Opthea / OPT-302-1004

ClinicalTrials.gov Identifier: NCT04757610

A Phase 3, Multicentre, Double-masked, Randomised Study to Evaluate the Efficacy and Safety of Intravitreal OPT-302 in Combination With Ranibizumab, Compared With Ranibizumab Alone, in Participants With nAMD

Brief Summary

A 2-year, phase 3, multicentre, randomised, parallel-group, sham-controlled, double-masked study. Primary efficacy will be determined at Week 52.

Inclusion Criteria
  • Active subfoveal CNV lesion or juxtafoveal CNV lesion with foveal involvement that is secondary to AMD in the Study Eye.
  • An ETDRS BCVA score between 60 and 25 (inclusive) letters in the Study Eye.
Exclusion Criteria
  • Any previous treatment for neovascular AMD.
  • Clinically significant ocular disorders (other than neovascular AMD), which may interfere with assessment of BCVA, assessment of safety, or fundus imaging.
  • Any current (or history of a) social, psychological, or medical condition that precludes enrolment into the study.

Unity / UBX1325-02

ClinicalTrials.gov Identifier: NCT04857996

This is a Phase 2a Proof-of-Concept (POC) study. The study has enrolled approximately 62 patients that were randomized 1:1 into either the UBX1325 or sham study arms, in order to assess the primary objective(s). All patients are in a 24-week follow-up period.

This Study is currently closed for enrollment with patients remaining in followup care.

Detailed Description

This is a Phase 2a Proof-of-Concept (POC) study. The study will enroll approximately 62 patients randomized 1:1 into either the UBX1325 or sham study arms, in order to assess the primary objective. All patients will be followed for approximately 24 weeks.

Olympia / OPP-102

ClinicalTrials.gov Identifier: NCT04957758

A Phase 2, Multicenter, Randomized, Controlled, Double Masked, Clinical Trial to Evaluate the Efficacy and Safety of OC-01 (varenicline) Nasal Spray in Subjects with Neurotrophic Keratopathy (the Olympia Study)
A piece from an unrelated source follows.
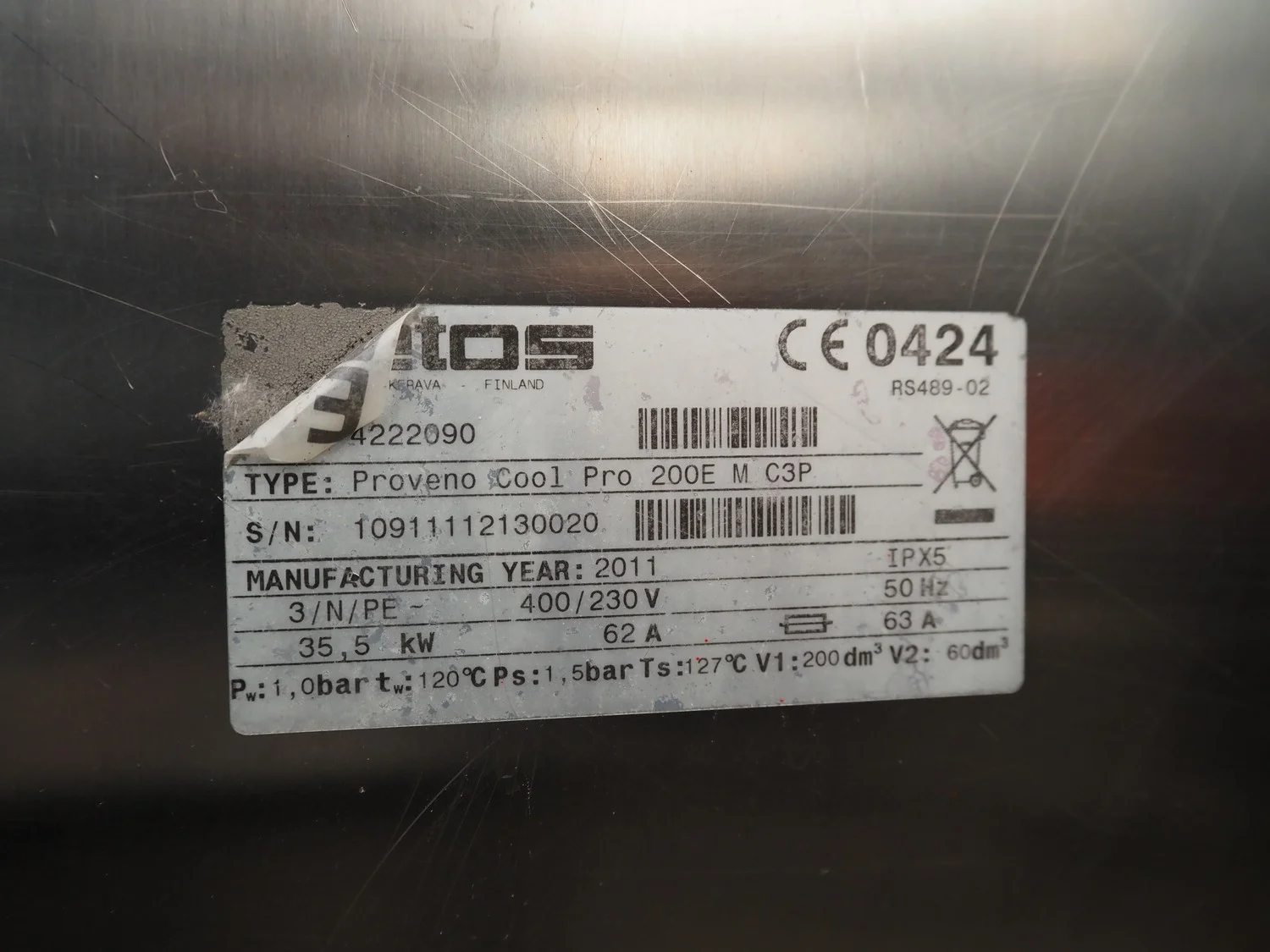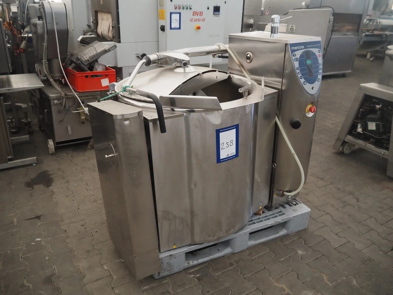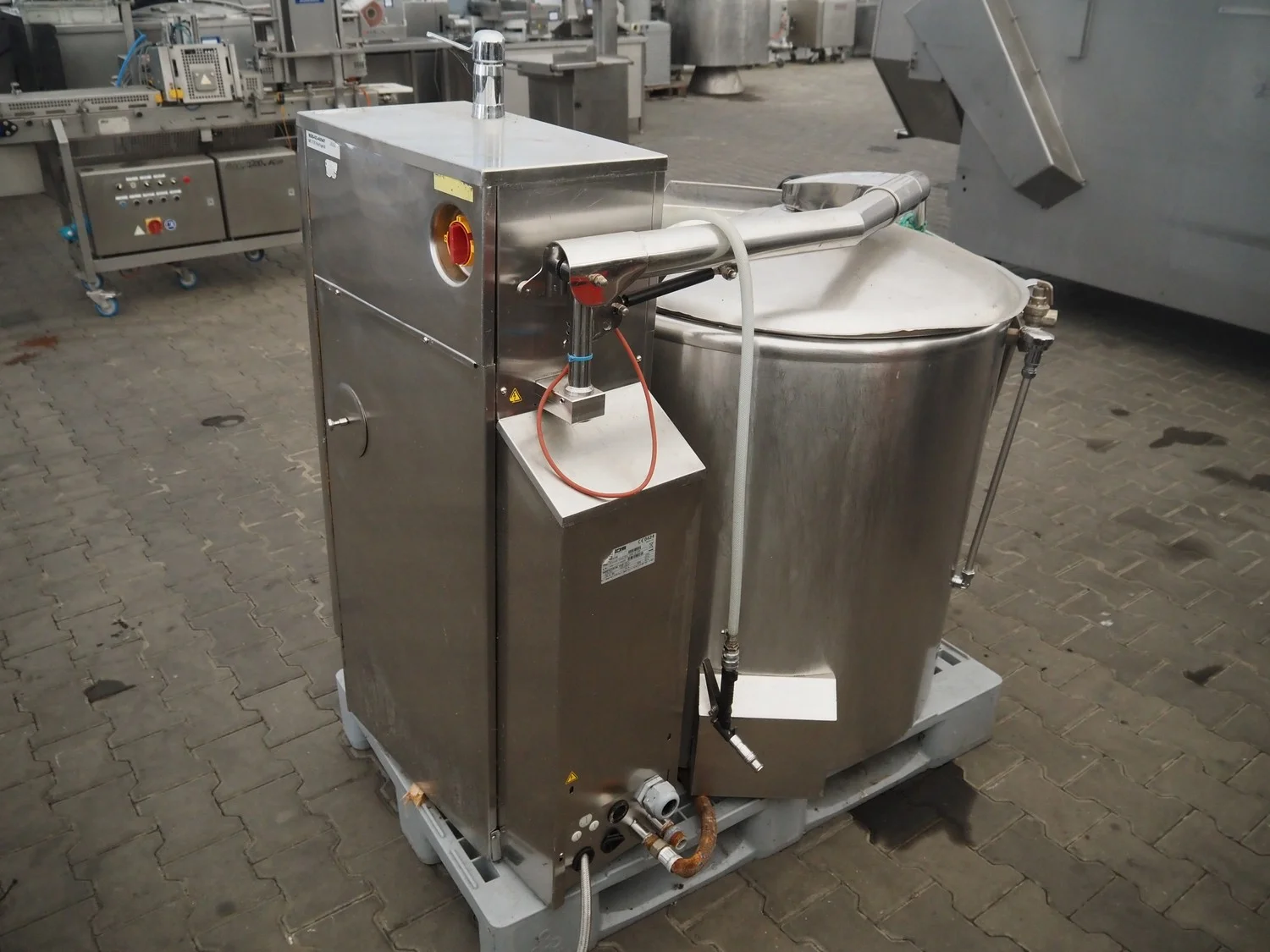 Metos tiltable cooking vessel with agitator, type: Proveno Cool Pro 200E M C3P, serial number: 10911112130020, year of construction: 2011, 400/230 V, 3 Ph, 50 Hz, 62/64 A, 35.5 kW, inside dimensions: Ø 800 mm x 500 mm, total dimensions: 1400 mm x 1000 mm x 1300. Technical condition unknown.

This Study is currently closed for enrollment with patients remaining in followup care.

Detailed Description
Protocol OPP-102 is a Phase 2, a multicenter, randomized, controlled, double-masked study designed to evaluate the safety and efficacy of OC-01 (varenicline) nasal spray in subjects with NK. Approximately 100 subjects at least 18 years of age with a physicians’ diagnosis of Stage 1 NK as defined by the Mackie Criteria and meeting all other study eligibility criteria will be randomized 1:1 and will receive OC-01 (varenicline)/ nasal spray or placebo nasal spray for 8 weeks three times daily (TID) as follows:

Unity / UBX1325-03

Clinicaltrials.gov ID: NCT05275205

A Phase 2a, Prospective, Multicenter, Randomized, Double-Masked, Active-Controlled Study to Assess the Safety, Tolerability and Evidence of Activity of a Repeat Intravitreal Injection of UBX1325 in Patients with Neovascular Age-Related Macular Degeneration (wet AMD)

This Study is currently closed for enrollment with patients remaining in followup care.

Detailed Description
This is a Phase 2a Proof-of-Concept study, approximately 46 patients will be enrolled and randomized 1:1 into either UBX1325 or sham study arm. Patients will be followed for approximately 48 weeks.